To reconstruct the pseudotemporal ordering of various stage islet cells, single-cell RNA-seq data from cells of the three age groups were pooled together with α-like, β-like, and unknown cells excluded from the analysis. Monocle was used to perform differential expression analysis and significant genes (FDR < 0.01) were selected for “pseudo-time” ordering (num_path = 1, reverse = FALSE) (Trapnell et al. 2014).

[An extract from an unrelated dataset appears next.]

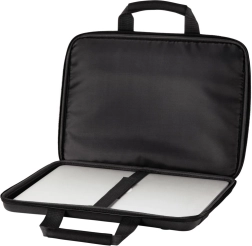 Această geantă neagră pentru laptop de 14,1″ îmbină un aspect elegant cu funcționalitate bine gândită. Construcția durabilă îți protejează laptopul împotriva zgârieturilor și murdăriei, iar banda elastică internă cu arici îl menține în siguranță pe poziție chiar și în timpul deplasărilor.

To investigate whether the Notch pathway has a role in endocrine lineage identity, we combined 1,133 NICD1 target genes from αTC1-c9 datasets and 704 NICD1 target genes from βTC6 datasets to generate a master list of 1,588 unique NICD1 target genes. We compared this gene list to the list of genes that were differentially expressed in P7.5 islets. This comparison yielded 602 genes that were both NICD1 downstream targets in the endocrine cell lines and differentially expressed in P7.5 islets. To examine the expression pattern of NICD1 target genes in P7.5 islets, we hierarchically clustered P7.5 single-cell RNA-seq data of these 602 genes.
Author contributions
A.S.P. and J.A.Z. conceived and designed the experiment. J.A.Z., C.G., D.S., M.K.B., N.K., H.N., and R.S. performed the experiments. J.A.Z. analyzed RNA-seq data. J.S and Z.M built cDNA libraries and performed NGS sequencing. All authors refined the manuscript.